Well... we hiked a bit Sunday and again tonight. First round was in Huntingdon county and tonight was in Blair. We found a great section of woods that has a small stream running between two hills and what appeared to be a ton of elm trees. Found absolutely nothing... 

Well, not exactly nothing. We did see some old petrified chicken on a stump and some old oyster mushrooms. Any thoughts on what I'm doing wrong or is the season just not underway yet? 

P.S picked off a ton of ticks..


----------



## Mad Huntgarian

zabinsky said:


> Well... we hiked a bit Sunday and again tonight. First round was in Huntingdon county and tonight was in Blair. We found a great section of woods that has a small stream running between two hills and what appeared to be a ton of elm trees. Found absolutely nothing...
> 
> Well, not exactly nothing. We did see some old petrified chicken on a stump and some old oyster mushrooms. Any thoughts on what I'm doing wrong or is the season just not underway yet?
> 
> P.S picked off a ton of ticks..


----------



## Mad Huntgarian

Still a little early guys. With the recent rain and warmer weather, the blacks should be up in a week or so. Probably 2 weeks away from blondes and greys. My best luck has always been around dead elms and old apple orchards. Get ready for long beards and trout. make sure you have a bag stashed in your vest! Good luck 


zabinsky said:


> Last year was our first time hunting these mushrooms and to no avail. This year is going to be different, can just feel it! Weather is about to break and even the kids are itching to get out hunting these little guys.
> 
> We've done a lot of research on where to find them and hopefully it pays off. I am curious however about the likelihood o f finding these near a river early on. We have a camp on a certain local river and kayak it often. Thinking maybe this would be a good place to start this year? Sunday the weather should be nice after all this rain and we'll be hitting the woods with camelbaks loaded and ready to entertain the kids. Any thoughts out there?


----------



## zabinsky

I noticed that someone posted they were in cambria county... got me a bit excited. Still new to this so can someone explain to me the difference between a morel and a "half free morel"? Are they dangerous or edible incase I would confuse the two? Not sure if PA even has them but I saw some talk about them online, better safe than sorry!


----------



## DM26

i_like_mushrooms_212 said:


> Zabinsky, I too am new to morel hunting. Last year was the first year that I have hunted any kind of mushroom. I will say this, research is good but it's not everything. I found myself getting frustrated because articles say things like dead and dying elms....Never found one around an elm, and I've searched a lot of elms both dead and dying. Tulip poplars and mixed hardwoods....been there with no luck. East facing hillsides, along creeks and rivers, acidic soil, shady, not shady...you see where I'm going with this. LOL. The ones I did find were a few right next to a road and another few in a ditch. My advice is this, Go with your gut, Enjoy the time with the family, Don't stress over not finding them, and really just have fun.....
> 
> Happy Hunting


Search creek bottoms, and under dead apple trees, you will definitely find them.


----------



## Helena

zabinsky said:


> I noticed that someone posted they were in cambria county... got me a bit excited. Still new to this so can someone explain to me the difference between a morel and a "half free morel"? Are they dangerous or edible incase I would confuse the two? Not sure if PA even has them but I saw some talk about them online, better safe than sorry!

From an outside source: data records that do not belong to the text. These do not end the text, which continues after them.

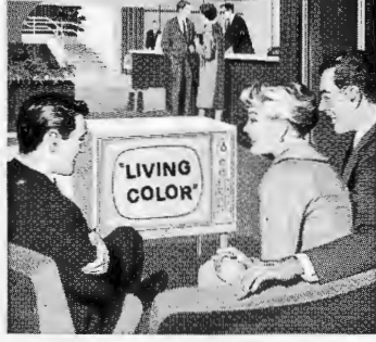
RCA VICTOR "LIVING COLOR" TV is a proven traffic builder. Perfect for lobbies, restaurants and luxury suites. Like two sets in one, Living Color TV brings you superb b/w performance too! Smart table model styling, in several popular furniture finishes. Legs go on or off with ease.
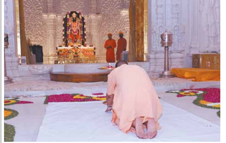
Chief Minister Yogi Adityanath offers prayers at the Shri Ram Janmabhoomi Temple in Ayodhya on Tuesday

Earlier, the chief minister was accorded a warm reception by the mayor, public representatives, BJP leaders and local officials. This visit follows an earlier trip to Ayodhya during the Lok Sabha elections, where the chief minister visited Shri Ram and Sankatmochan Hanuman temples.
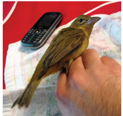
The surprise Summer Tanager recovering from his window collision on Count Saturday.

Totally unexpected was an Summer tanager which flew into a window the day after our count. It was picked up alive by one of our members, photographed for documentation and subsequently released. The bird was still feeding contentedly in the backyard berry bush an hour later.
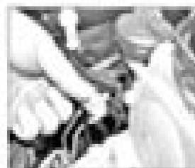
1.15 Remove the oil level dipstick tube mounting bolt

while working the alternator against the timing pulleys. Then remove the alternator mounting bolt. Note that the oil of the dipstick tube passes directly to the pump gallery. Note the cable to the centre of the alternator rotor. 1. From the engine underneath and cover the service to the ground. 2. Tighten the engine fan cover and oil filler as appropriate.
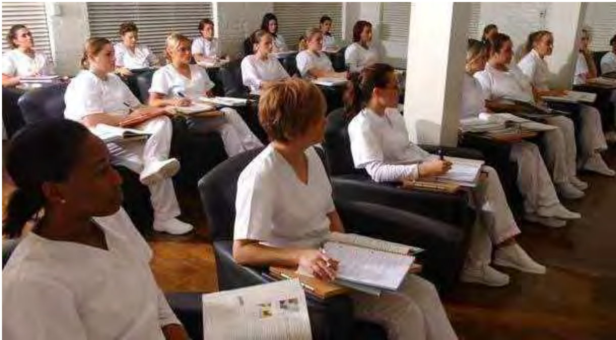
Image: Students learn about the cardiovascular system and its importance to skin and health in Theory class

The Elizabeth Grady School is required to provide access to student records to the National Accrediting Commission of Career Arts and Sciences (NACCAS) and to other agencies in relationship to school accreditation and licensing.
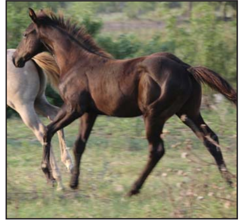
Colt by Time For A God-Daughter of Agony And Ecstasy, owned by LightningT Ranch, Riviera, TX
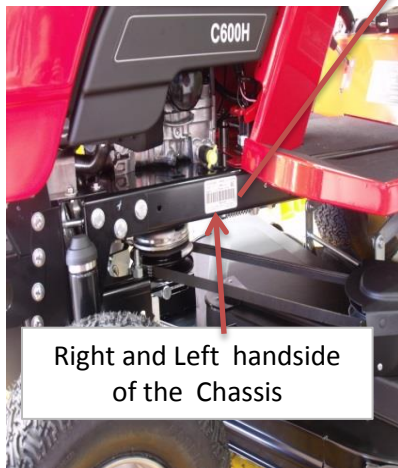
Right and Left handside of the Chassis
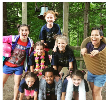
Camp Henry had another spirit-filled summer at Lake Logan. The summer camp theme was Star Wars: The Spirit Awakens.
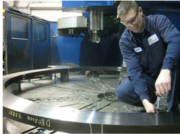
Using a micrometer for precision - Zak, Inc.

Given the need to bring more people into the workforce, it seems logical that efforts should be made to encourage participation by the unemployed, the underemployed, the displaced, and the discouraged.
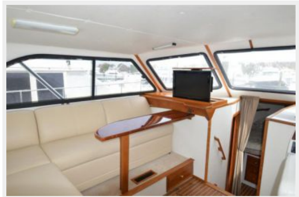
JUDGE YACHTS 42XC Salon TV
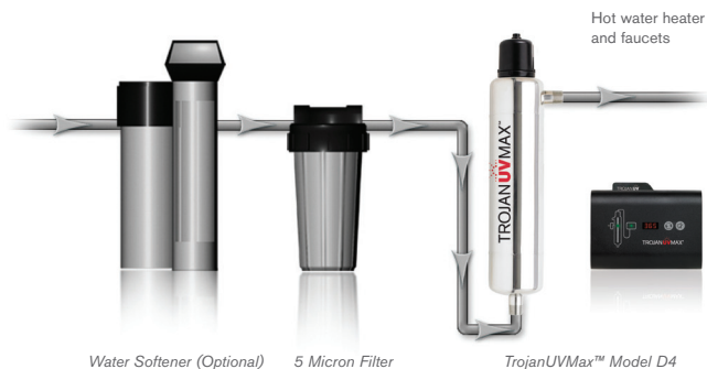
Water Softener (Optional)

The half free will also be hollow like the reg morel but the stem will connect to the cap part way up. The reg morel connects at the bottom, Verpas up at the top(also not hollow unless something ate the guts) When in doubt, throw it out. I'm also in Cambria Co. Have not went out yet this year. Hope to this week.

Here's a link to look at for help with identification. http://www.michiganmorels.com/morels2.shtml


----------



## zabinsky

Went out twice today near Altoona, could not find anything fungus related... Not sure if I am identifying elm and ash trees correctly and could use some input. Attached are some photos of the areas I am hunting and coming up short in. Can anyone give me some better tips on this part of PA?


----------



## morelsxs

I've posted this a time or two over the years. It has always been one of my favorite articles re: morels. I'm certain there's info in here that you'll find useful. I started by reading everything (and still do) -- books and on-line. Then I try to apply it when looking for and/or finding them . . . still do to this day. And you'll find though, sometime there is no rhyme or reason. They grow where they grow. I hope you enjoy the article, learn lots, and find many morels this season.  

http://leslieland.com/2008/07/collecting-wild-mushrooms-part-1-morels/


----------



## Charman03

Nice article


----------



## blueshroom

found shrooms in 4 locations today in blair county, 2 spots i actually saw them from the road as i was driving past, old apple trees and dying elms


----------



## zabinsky

Trip #6 into the woods this year in Blair without seeing a single mushroom..... I must be doing something wrong..


----------